In another work [45], the authors proposed continuous RNN-GANs in which they used the bidirectional recurrent neural network as the discriminator. They established that adversarial learning with recurrent neural networks is capable of generating diverse music collections. But they evaluated their model only on a single dataset.

In our work, we proposed a novel GAN-based model to solve the problem of imbalanced datasets. The main difference between our proposed methodology and the existing work is as follows.

Most of the researchers evaluated their models only on binary-class imbalanced datasets. We applied the GAN to a multi-class dataset.
The existing works evaluated their models only on one type of dataset.
None of the previous works assessed their models using classifier approaches.

3. Proposed Methodology

In this section, we describe the design and the basic architecture of the GAN model for augmenting the data. Our proposed methodology is divided into three subsections.

In the first subsection, we describe the basic principle of GANs.
In the second subsection, we describe the proposed GAN model used in our work.
In the third subsection, we illustrate the decision tree as the base classifier.

The proposed methodology is shown in Figure 1.

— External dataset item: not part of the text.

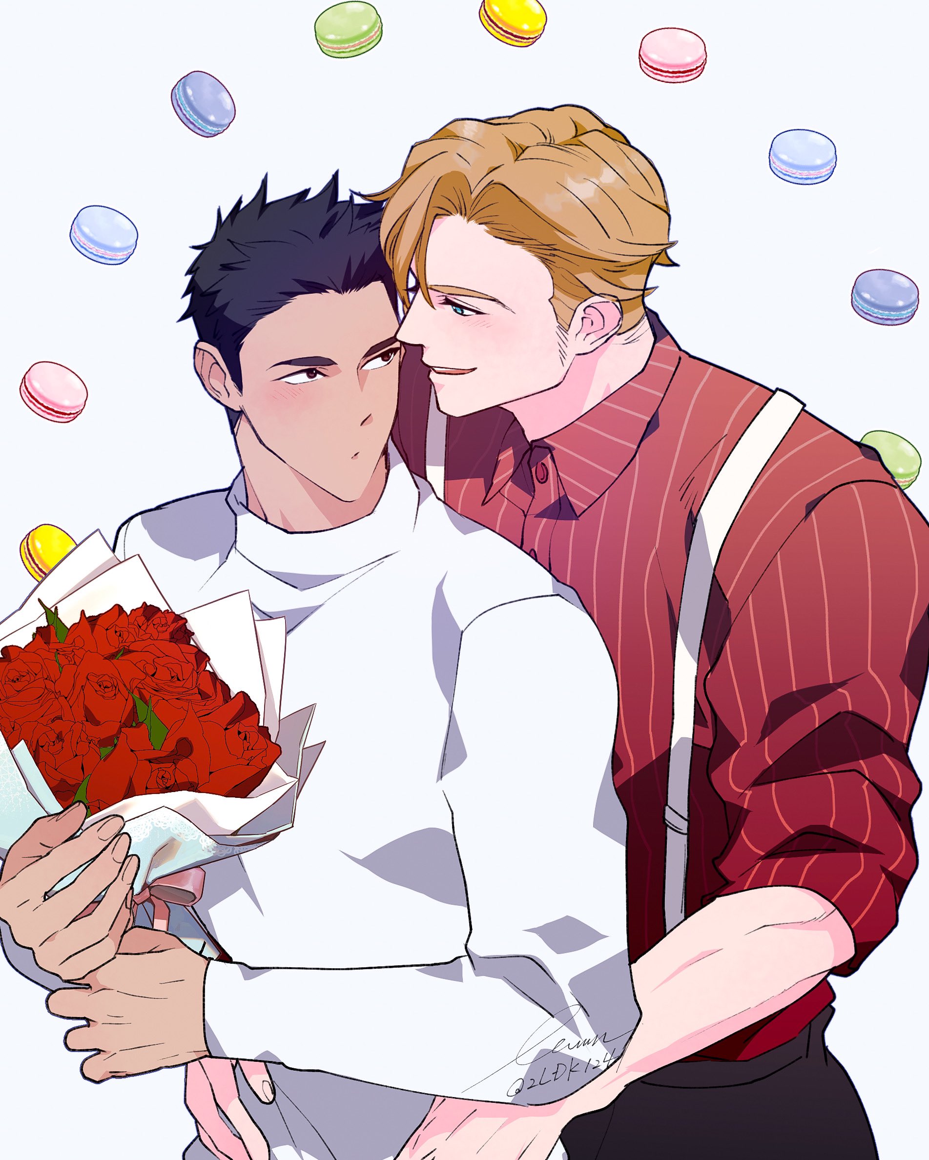 2boys ao_isami black_hair blonde_hair blue_eyes bouquet commentary_request facial_hair flower food highres holding holding_bouquet lewis_smith llld_(2ldk1241) macaron male_focus multiple_boys official_alternate_costume parted_lips red_flower red_rose red_shirt rose shirt short_hair sideburns_stubble signature striped_clothes striped_shirt stubble suspenders twitter_username vertical-striped_clothes vertical-striped_shirt yaoi yuuki_bakuhatsu_bang_bravern
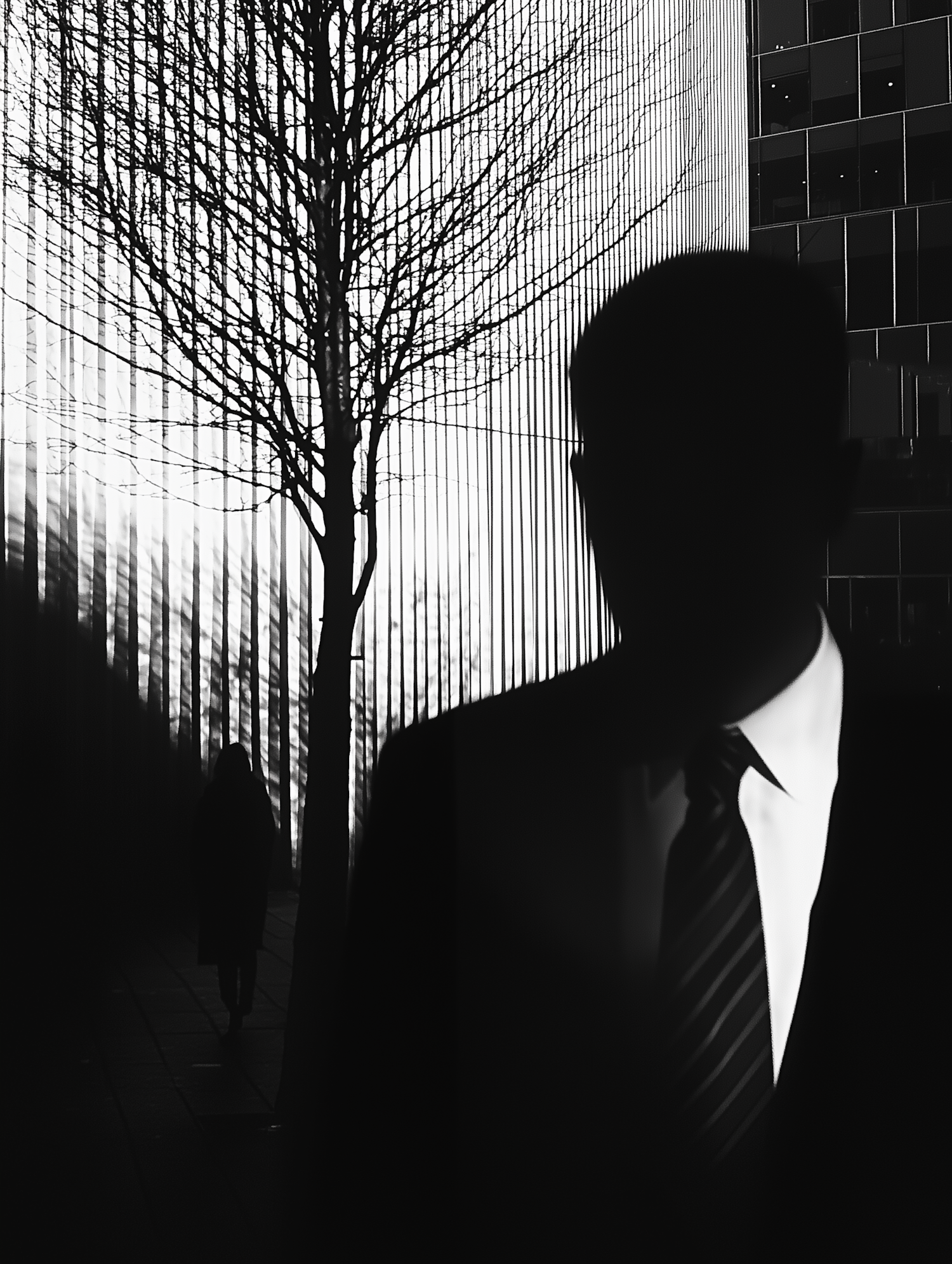 Dramatic black and white silhouette of a man in a suit with a tree and building in the background.

3.1. Generative Adversarial Network

The goal of the GAN is to understand the underlying data distribution and generate the same output [46]. The purpose of generating the augmented data is to solve the imbalanced problem. A standard GAN is composed of neural networks that are trained against each other, known as the generator and the discriminator. The GAN’s main principle is to use adversarial learning to enhance the quality of the synthetic data. The generator is trained to generate realistic synthesized data from a random noise vector z in order to fool the discriminator and prevent the augmented data from being recognized as artificial samples. Conversely, the discriminator is fed the original training data and the augmented samples produced by the generator as the input. Then, it is trained to differentiate between the augmented samples and the original data. The discriminator returns the likelihood that a few samples will correspond to the potential sources of the data. The loss function of the generator and discriminator is shown below.

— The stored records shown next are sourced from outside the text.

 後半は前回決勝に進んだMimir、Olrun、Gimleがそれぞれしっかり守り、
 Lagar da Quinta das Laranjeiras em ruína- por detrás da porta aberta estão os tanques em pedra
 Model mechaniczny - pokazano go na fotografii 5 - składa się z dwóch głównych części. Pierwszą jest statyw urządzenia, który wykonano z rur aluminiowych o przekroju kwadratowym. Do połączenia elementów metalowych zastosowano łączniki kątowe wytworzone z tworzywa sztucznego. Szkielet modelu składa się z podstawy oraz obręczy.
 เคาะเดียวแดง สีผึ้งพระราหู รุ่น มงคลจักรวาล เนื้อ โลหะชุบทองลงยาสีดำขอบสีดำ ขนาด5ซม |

\nabla_{θ g} \frac{1}{m} \sum_{i = 1}^{m} [l o g (1 - D (G (z^{(i)}))]

(1)

\nabla_{θ d} \frac{1}{m} \sum_{i = 1}^{m} [l o g D (x^{(i)}) + l o g (1 - D (G (z^{(i)}))]

(2)

where

\nabla_{θ g}

and

\nabla_{θ d}

represent the generator and discriminator gradient,

D (x^{(i)})

is the discriminator’s output for the real data, and

D (G (z^{(i)}))

represents the discriminator’s output for the augmented data. The main objective for training a discriminator is to increase the loss function, which means maximizing the probability of predicting the correct data source. In contrast, the goal of training a generator is to minimize the second-term present in Equation (1). This is conducted in order to confuse the discriminator. The GAN is trained using the stochastic gradient descent (SGD) by changing the parameters of the model based on the objective function to achieve a good discriminator and generator pair.

3.2. Proposed GAN

The conditional GAN, developed by Mirza et al. in [47], is an extension of the original GAN which conditions the generator and discriminator using the label information. The addition of extra information, i.e., the labels, is achieved by introducing an input layer into the neural network of the generator and discriminator. Therefore, the loss function changes to the following.

\nabla_{θ g} \frac{1}{m} \sum_{i = 1}^{m} [l o g (1 - D (G ({z / y}^{(i)}))]

(3)

\nabla_{θ d} \frac{1}{m} \sum_{i = 1}^{m} [l o g D ({x / y}^{(i)}) + l o g (1 - D (G ({z / y}^{(i)}))]

(4)

The random input noise and labels are combined in the generator to form a joint hidden representation. X and Y are the input for a discriminative function in the discriminator. The basic architecture of a conditional GAN is shown in Figure 2.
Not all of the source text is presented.